Included in the above display is an initial column specifying the cumulative count of values, up to and including that particular line, from either the top or bottom of the display, whichever is smaller. An exception to this is when the line on which the median lies is reached, in which case the actual count of values on that line is displayed, rather than a cumulative count, and this is highlighted by enclosing the count in parentheses. In this case the median is $2.05$ and thus falls between the two lines at which the cumulative count has reached $n/2$ where $n$ is the number of observations.
Some of the other features of the stem and leaf display are illustrated by the following two examples.
For the $30$ observations:
 $-19.0 -3.0 -1.0 0.0 1.0 2.0 2.0 3.0 3.0 3.0 4.0 4.0 4.0 4.0 4.0 5.0 5.0 5.0 5.0 6.0 6.0 6.0 7.0 7.0 8.0 10.0 11.0 11.0 13.0 31.0$
the stem and leaf display may be:
``` 1   1.  9
1   1*
1  -0.
3  -0*  13
15  +0*  012233344444
15  +0.  55556667788
5   1*  011
2   1.  3
1   2
1   2.
1   3   1
```
In the above display all the data are plotted and the leaf digit unit is $1.0$. Also in this display different leaves, that is different digits, may be plotted on a particular line. In this case we have $5$ possible digits per line, that is $2$ lines per stem, and these are represented as follows:
• * indicates that the line may contain the digits $0$ to 4;
• . indicates that the line may contain the digits $5$ to $9$.
Alternatively the stem and leaf display may look like:
```      LO   -19

2   -0*  3
3   +0T  1
5   +0*  01
10   +0T  22333
( 9)  +0F  444445555
11   +0*  66677
6   +0T  8
5    1*  011
2    1T  3

HI   31
```
Again the leaf digit unit is $1.0$ but in this display just the data between the fences, which are the hinges $±1\frac{1}{2}×\text{}$ the inter-hinge range, are plotted. Any data points that fall outside the fences are presented separately in the display under the headings LO for those points below the lower fence and HI for those points above the upper fence.
Again in this display different leaves, that is different digits, may be plotted on a particular line.

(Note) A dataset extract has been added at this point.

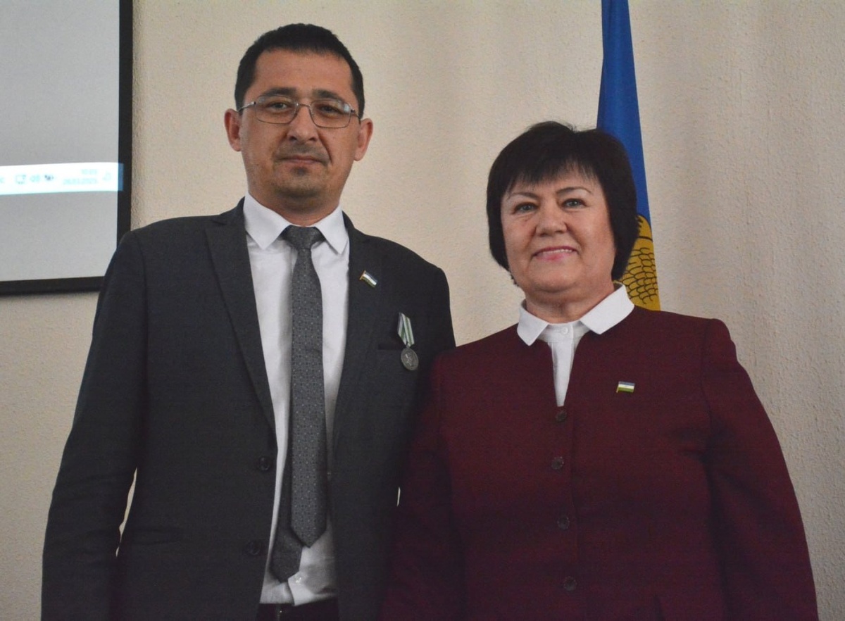 Район Советы рәйесе Дилә Хәмзина Белорет үҙәк район клиник дауаханаһының баш табибы Илдар Хәмитовҡа генерал Шайморатов миҙалын тапшырҙы
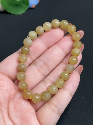 H20239254 Hetian Jade Bracelet, Approx. 7.5mm Beads, Small 99% Gold Beads, Non-Gold for the Rest, Total Weight Approx. 18.5g

However in this case we have $2$ possible digits per line, that is $5$ lines per stem, and these are represented as follows
• * indicates that the line may contain the digits $0$ or $1$;
• T indicates that the line may contain the digits $2$ or $3$;
• F indicates that the line may contain the digits $4$ or $5$;
• S indicates that the line may contain the digits $6$ or $7$;
• . indicates that the line may contain the digits $8$ or $9$.
A display may also allow $10$ different digits ($0$ to $9$) per line, that is $1$ line per stem, or just $1$ digit per line, that is $10$ lines per stem, as in the first of the three examples above.
Note that the median here is $4.5$. This falls between two lines in the first display but is highlighted on the second display since it lies on a particular line.
Finally if there are positive and negative numbers on the display these are highlighted by a $+$ or $-$ sign where the distinction is required, that is near the zero-point.
If there are too many leaves to fit in the plot width allowed, nag_stat_plot_stem_leaf (g01ar) plots as many leaves as possible and places an asterisk to the right to indicate that some leaves are not displayed. If this occurs and you wish to be able to plot all the leaves then the width of the plot may be adjusted.
Options also allow the leaf unit and the height of the display to be specified by you or calculated by nag_stat_plot_stem_leaf (g01ar). These arguments may be used to control the type of the display you wish to obtain. Fixing the unit and changing the height of the display may alter the number of lines used per stem, that is the number of different digits per line. nag_stat_plot_stem_leaf (g01ar) will choose a display for the fixed unit that attempts to make as much use of the available height as possible, thus increasing the height may allow for more lines per stem whereas decreasing the height may force the display to use fewer lines per stem. Similarly you may wish to fix the height and vary the leaf digit unit used on the display. See Further Comments for further details.
The display is returned in a character array with the option of printing the display.

## References

Erickson B H and Nosanchuk T A (1985) Understanding Data Open University Press, Milton Keynes
Tukey J W (1977) Exploratory Data Analysis Addison–Wesley
Velleman P F and Hoaglin D C (1981) Applications, Basics, and Computing of Exploratory Data Analysis Duxbury Press, Boston, MA

## Parameters

### Compulsory Input Parameters

1:     $\mathrm{y}\left({\mathbf{n}}\right)$ – double array
The $n$ observations.
2:     $\mathrm{nstepx}$int64int32nag_int scalar
The number of character positions to be plotted horizontally.
Constraint: ${\mathbf{nstepx}}\ge 35$.
3:     $\mathrm{nstepy}$int64int32nag_int scalar
The maximum number of character positions to be plotted vertically.
If ${\mathbf{nstepy}}\le 0$ a suitable value will be used by nag_stat_plot_stem_leaf (g01ar) for the number of character positions to be plotted vertically. This will clearly be less than or equal to the value of ldplot.
Constraint: ${\mathbf{nstepy}}\le 0$ or ${\mathbf{nstepy}}\ge 5$.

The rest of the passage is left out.